Annunciation: The Passage's first giveaway

Today's post was written before Friday's attacks in Paris. I am running it because of my long advocacy for interfaith and intercultural dialogue (which may also include non-believers who wish to live in peace). That activity is not the solution to extremist terrorism, but, if we begin to talk across cultures earlier, expressing the hopes we share, we have a better chance at making violent acts abhorrent to all.

There are many qualities I admire about my friend Elizabeth Adams, the artist and publisher whom I met when I bought a copy of her Phoenicia Press book, "Waiting to Unfold" by Rachel Barenblat. I chose the collection of the poems, which Barenblat wrote weekly during her son's first year of life, as a gift for a friend's daughter pregnant with her own son.

I especially appreciate Beth's ability to conceive insightful, collaborative projects whether through art, music or poetry. Her request of the poets whom she invited to participate was to "think deeply and fearlessly and to write from your hearts."

As she notes, the theme is challenging: "The annunciation story is a complicated foundational story in western culture. Patriarchies have used Mary as a model for ideal feminine acceptance, faith and submission to authority, while at the same time, millions of people have identified with her courage, suffering and patience..."

So with great pleasure,  the windows are dressed with Phoenicia Press's latest publication, a poetry compilation titled "Annunciation: Sixteen Contemporary Poets Consider Mary".

I'll give a copy, via a draw, to a reader.

Of the poets, she says:
"Because part of my incentive for the book was to look at Mary from an interfaith, as well as secular, perspective, the poets are Christian, Muslim, Jewish, Hindu, and secular, and they've brought an amazing breadth to this volume.
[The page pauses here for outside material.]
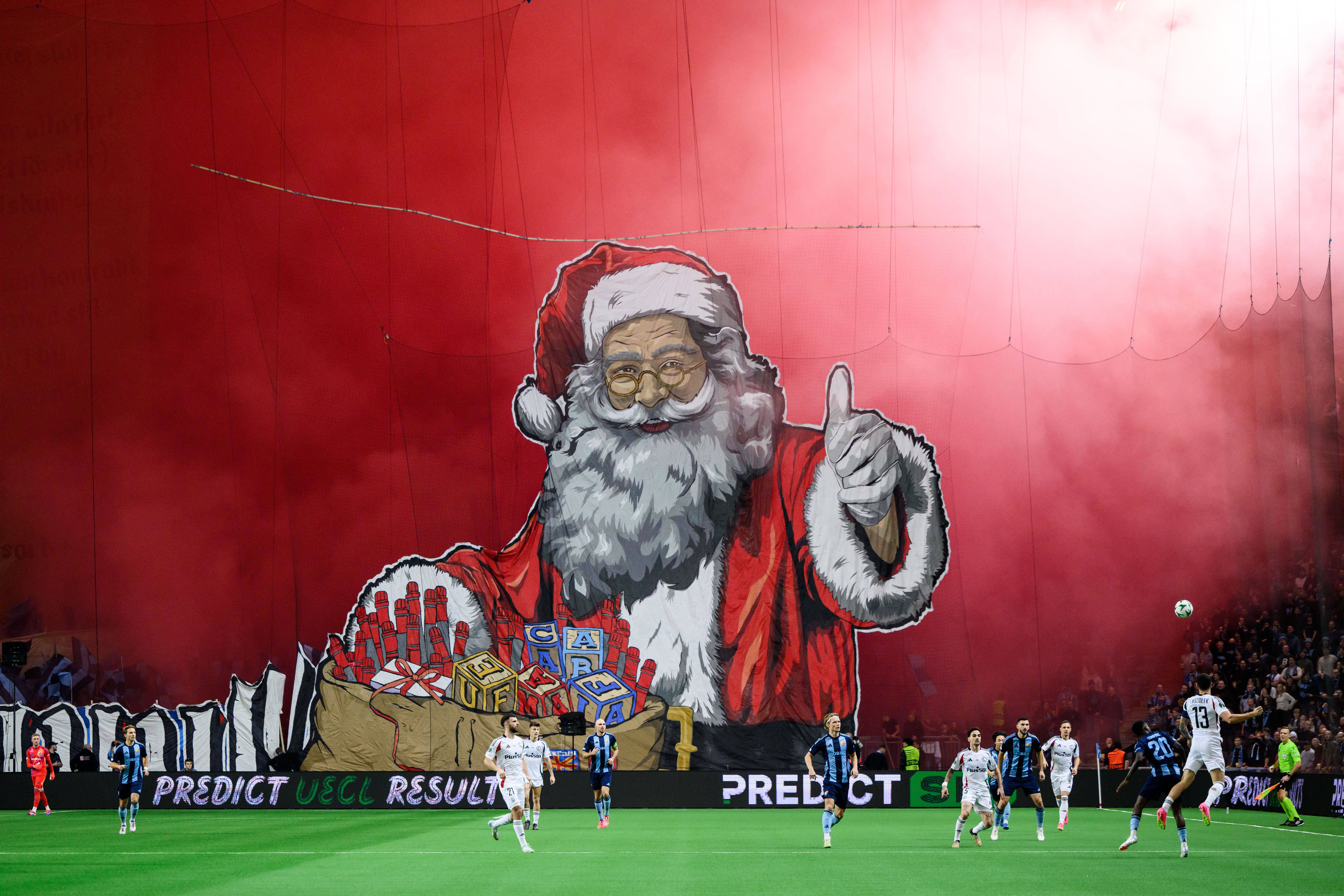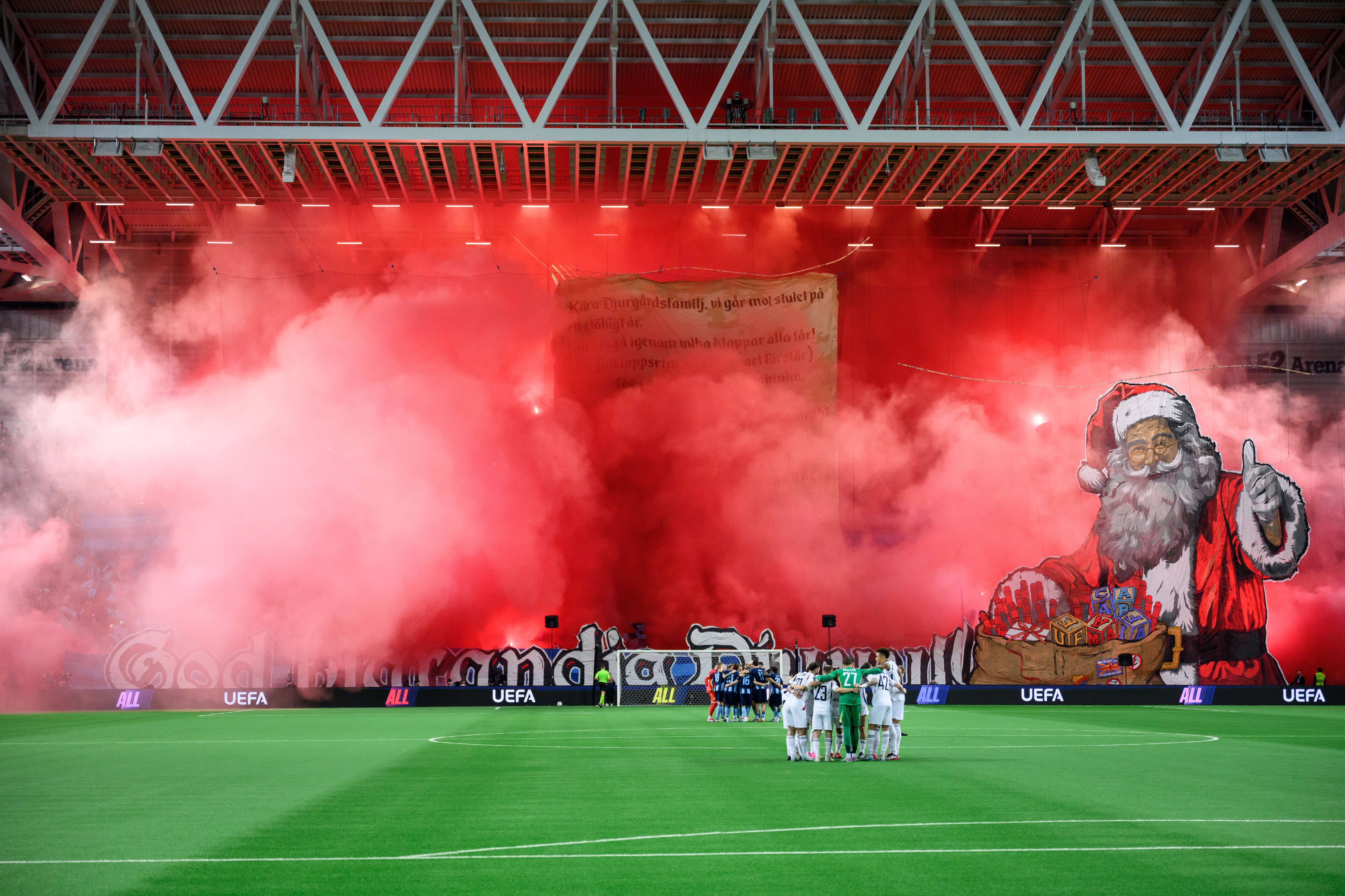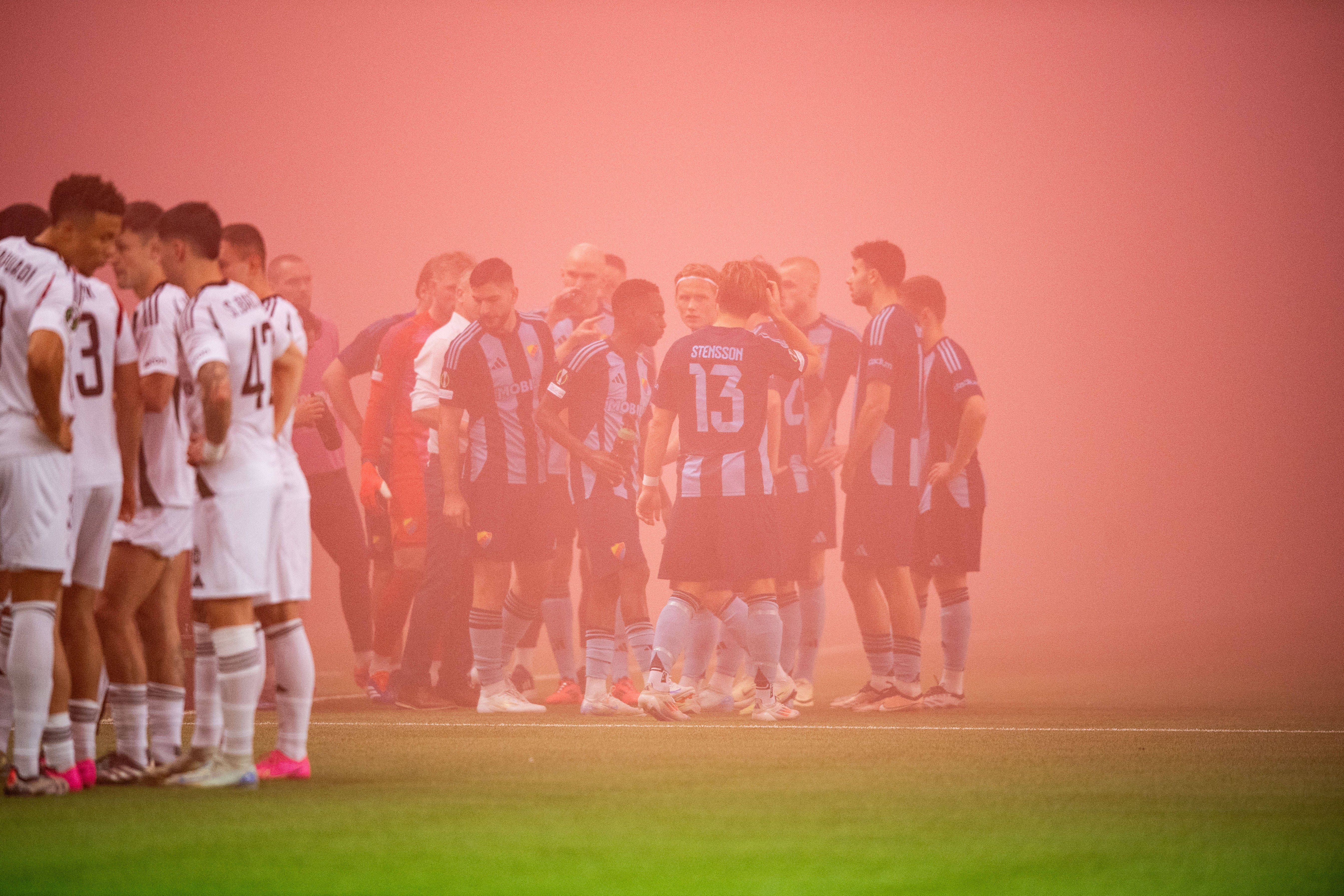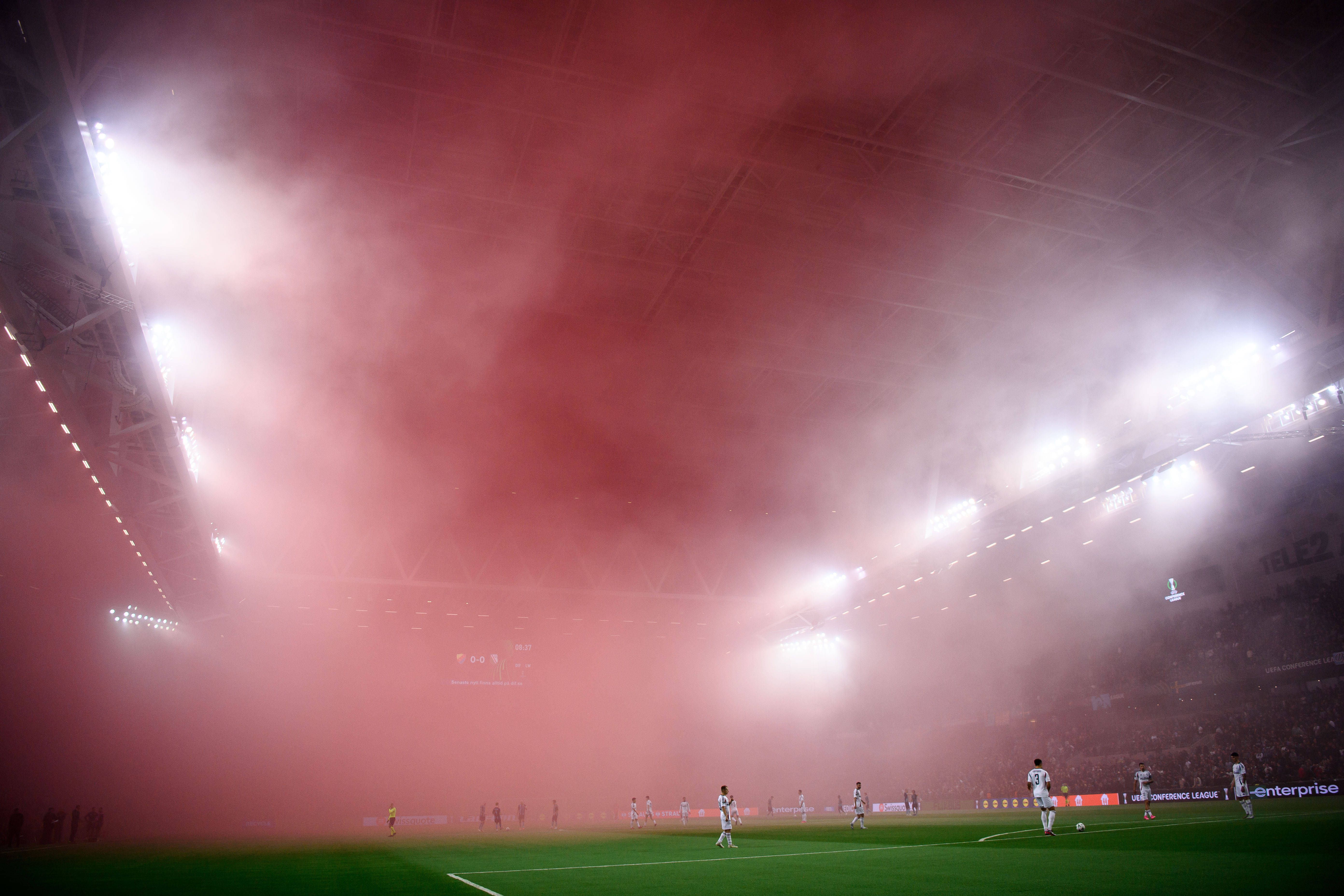 Os adeptos da casa acenderam engenhos pirotécnicos e, com a cobertura do estádio fechada devido ao clima em Estocolmo, ficou a pairar uma grande nuvem de fumo, impossibilitando que o encontro continuasse.

I am moved by the way in which each poet has managed to identify with Mary, and express some personal point of connection with clarity, emotion, and immediacy. It could have turned out to be a "religious" book but it's much bigger than that—it's a human book."
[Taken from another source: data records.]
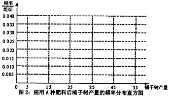 (Ⅰ)完成图2和表2,其中图2是施用A种肥料后橘子树产量的频率分布直方图,表2是施用B种肥料后橘子树产量的频数分布表,并
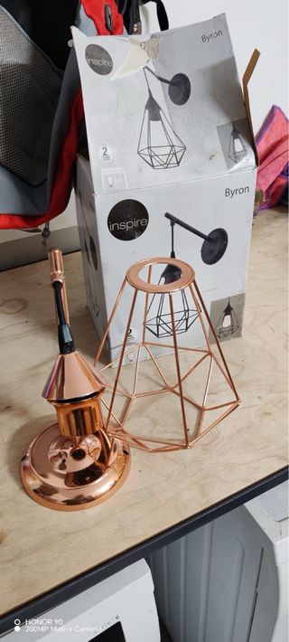 Elegante lámpara de pared con un diseño geométrico moderno. Su acabado en tono cobre le da un toque sofisticado. - Estructura metálica. - Color dorado rosado. Dispongo de dos unidades
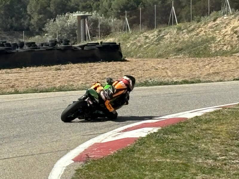 De motor beheersing van beide motoren zit er goed in, en al snel raakten de kuipdelen van de Kawasaki de grond.
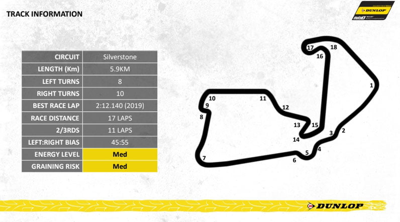 Toutefois, le pneu Supersoft ne correspond aux exigences du tracé de Silverstone, où Dunlop y apporte une allocation classique avec un arrière tendre (1) et un arrière médium (2), ce dernier ayant recueilli la grande majorité des choix en 2019. A l’avant, les pilotes pourront choisir entre un tendre (1) et un dur (3).

Beth is more than the book's editor; her striking linocuts illustrate its pages and cover.

If you would like to enter, please add "DRAW" to your comment. I'll put all names I receive today and tomorrow (until midnight EST) into a hat, ask my neighbour to pluck one, and announce the winner next week. The book will be shipped by the publisher at the end of November.
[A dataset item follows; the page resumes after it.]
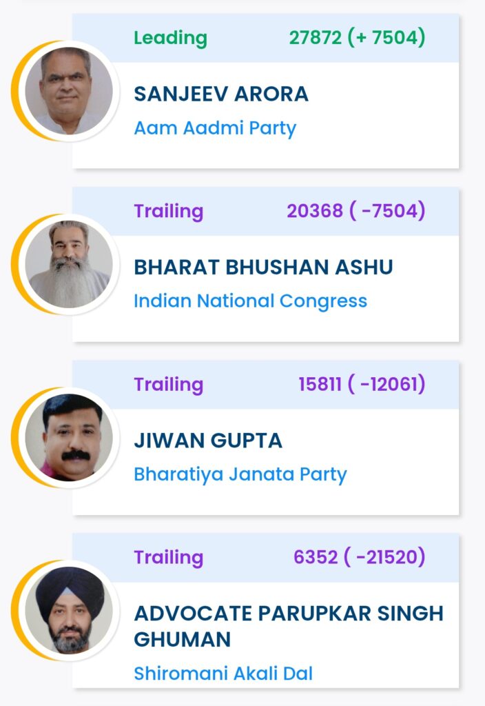 ਲੁਧਿਆਣਾ ਪੱਛਮੀ ਵਿਧਾਨ ਸਭਾ ਸੀਟ ‘ਤੇ ਵੋਟਾਂ ਦੀ ਗਿਣਤੀ ਜਾਰੀ ਹੈ ਅਤੇ ਹੁਣ ਤੱਕ 11 ਦੌਰ ਪੂਰੇ ਹੋ ਚੁੱਕੇ ਹਨ। ‘ਆਪ’ ਉਮੀਦਵਾਰ ਸੰਜੀਵ ਅਰੋੜਾ 7504 ਵੋਟਾਂ ਨਾਲ ਅੱਗੇ ਚੱਲ ਰਹੇ ਹਨ। ਕਾਂਗਰਸ ਦੂਜੇ ਸਥਾਨ ‘ਤੇ, ਭਾਜਪਾ ਤੀਜੇ ਸਥਾਨ ‘ਤੇ ਅਤੇ ਸ਼੍ਰੋਮਣੀ ਅਕਾਲੀ ਦਲ ਚੌਥੇ ਸਥਾਨ ‘ਤੇ ਹੈ।

You might also consider "Annunciation" for a gift, or treat yourself to a certain outcome by ordering (there's a special now till November 20) from Phoenicia Publishing. Visit Phoenicia's page also to read the poet's comments about their approaches, a glimpse into the layers of memory and emotion that infused their contributions.

Ten per cent of the proceeds of "Annunciation" are donated directly to refugee relief for women.


materfamilias said…
I'm already planning to order a copy, having read about this book on Beth's blog, which I learned of through you some time ago, and regularly find inspiration in. But I'd be happy to win another for a gift.
Northmoon said…
I don't usually read poetry, but the concept of this book is very compelling and so timely, so I'd like to enter your DRAW. This book would make a good gift for a friend.

Only understanding across the artificial borders of humanity will create a safe world for everyone. We can't force our way to love.

Please enter my name for your DRAW for Annunciation. Thanks!
mary said…
thank you for giving space to this book--Draw!
I would like to add my name to the list for the draw...
having never studied religion I would welcome the opportunity to better understand the different faiths.
Thank you!
Mardel said…
I am already planning to order the book, and I have been reading Beth's blog for some time as well, following your recommendation. I will pass on the give away, as I'd rather that it went to someone who wouldn't have otherwise ordered.
This sounds fascinating, but I can borrow almost any Montréal-published book through Nelligan (Mtl libraries) or BANQ (La grande bibliothèque and am trying NOT to accumulate books, so better for someone afar.

I'm still very upset, as I've spent extended periods of time in Paris not very far from the cafés that were targets. Fortunately the weather is mild enough that I can ride my bicycle and process it all. Someone I've met (an academic who studied urban life) was killed, but nobody I really "knew".
diverchic said…
I'm in. It'll be perfect for my pregnant neice.
Kathyliz said…
This sounds like a wonderful book. Please enter me in the DRAW. Thank you for your wonderful blog.
Darla said…
The book sounds great. I read poetry fairly often and really like the illustration on the cover. Please enter my name. I don't comment often but I'm usually here reading.

LPC said…
Am not a poetry sort, so, no entry into the draw. But I did want to say, this is a wonderful thing to do in these times.
Barbara said…
Please enter me in your DRAW. The book sounds wonderful, as does her earlier one you mention, Waiting to Unfold. My daughter gave birth just 10 days ago and I wonder if it would be good for her to read now or to wait. Any thoughts on that?
Duchesse said…
Barbara: The determinant might be when she has time!
Beth said…
Thank you, Duchesse, for this extremely generous gesture. I'm delighted that so many of your readers expressed interest!
Beth said…
Thank you, Duchesse, for this extremely generous gesture. I'm delighted that so many of your readers expressed interest!